◆ TASK ITEM ◆
Lift out all lines below that contain "storage".

..........

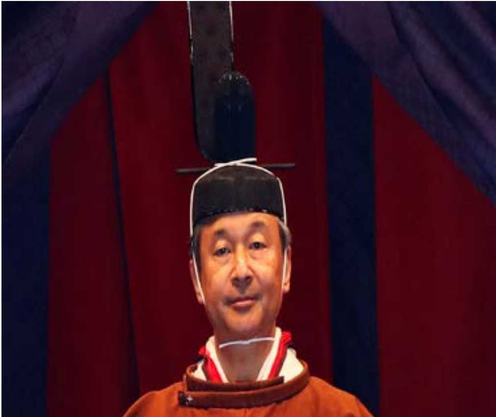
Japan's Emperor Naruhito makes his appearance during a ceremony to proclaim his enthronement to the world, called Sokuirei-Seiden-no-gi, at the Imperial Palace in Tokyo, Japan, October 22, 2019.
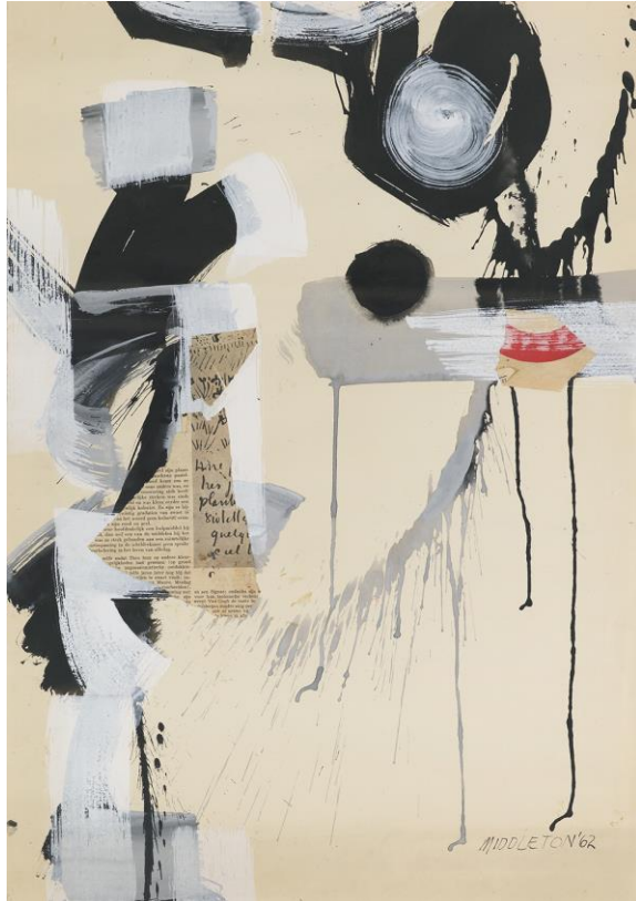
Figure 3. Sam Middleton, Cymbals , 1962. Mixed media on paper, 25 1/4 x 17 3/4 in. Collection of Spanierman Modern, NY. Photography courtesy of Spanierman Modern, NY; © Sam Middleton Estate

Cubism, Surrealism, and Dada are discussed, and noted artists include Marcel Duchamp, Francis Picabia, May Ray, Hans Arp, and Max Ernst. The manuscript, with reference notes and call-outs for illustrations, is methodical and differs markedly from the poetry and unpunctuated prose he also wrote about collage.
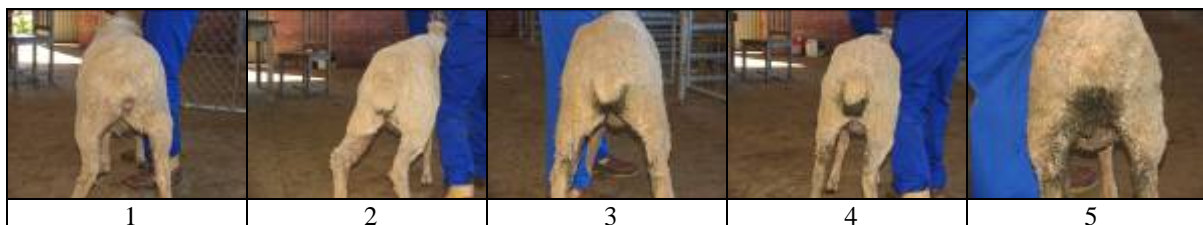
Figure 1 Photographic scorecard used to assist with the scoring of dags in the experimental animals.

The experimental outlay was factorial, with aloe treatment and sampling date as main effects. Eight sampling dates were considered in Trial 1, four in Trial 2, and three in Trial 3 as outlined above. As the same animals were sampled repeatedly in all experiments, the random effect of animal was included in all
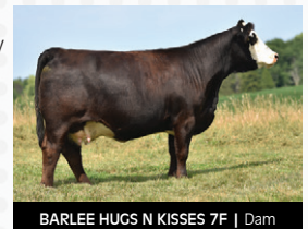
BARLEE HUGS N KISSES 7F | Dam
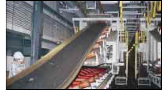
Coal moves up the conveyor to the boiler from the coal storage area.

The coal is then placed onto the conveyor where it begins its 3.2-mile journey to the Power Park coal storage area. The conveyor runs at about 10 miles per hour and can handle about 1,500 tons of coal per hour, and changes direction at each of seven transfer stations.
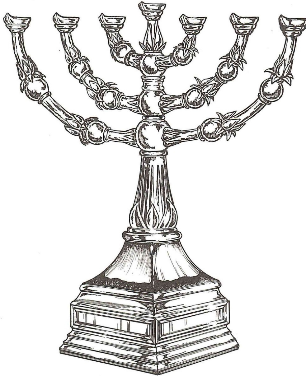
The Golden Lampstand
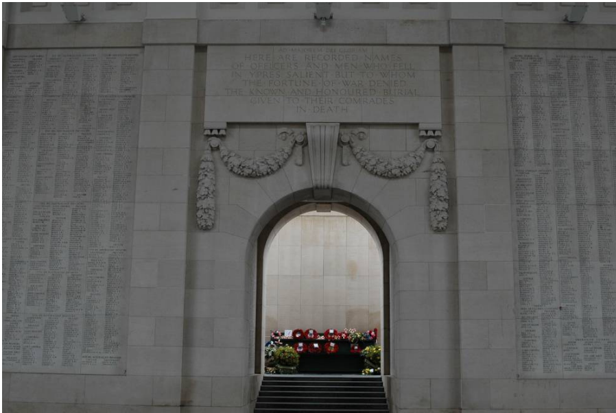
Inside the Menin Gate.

..........

◆ COMPLETED TASK ◆
Coal moves up the conveyor to the boiler from the coal storage area.
The coal is then placed onto the conveyor where it begins its 3.2-mile journey to the Power Park coal storage area. The conveyor runs at about 10 miles per hour and can handle about 1,500 tons of coal per hour, and changes direction at each of seven transfer stations.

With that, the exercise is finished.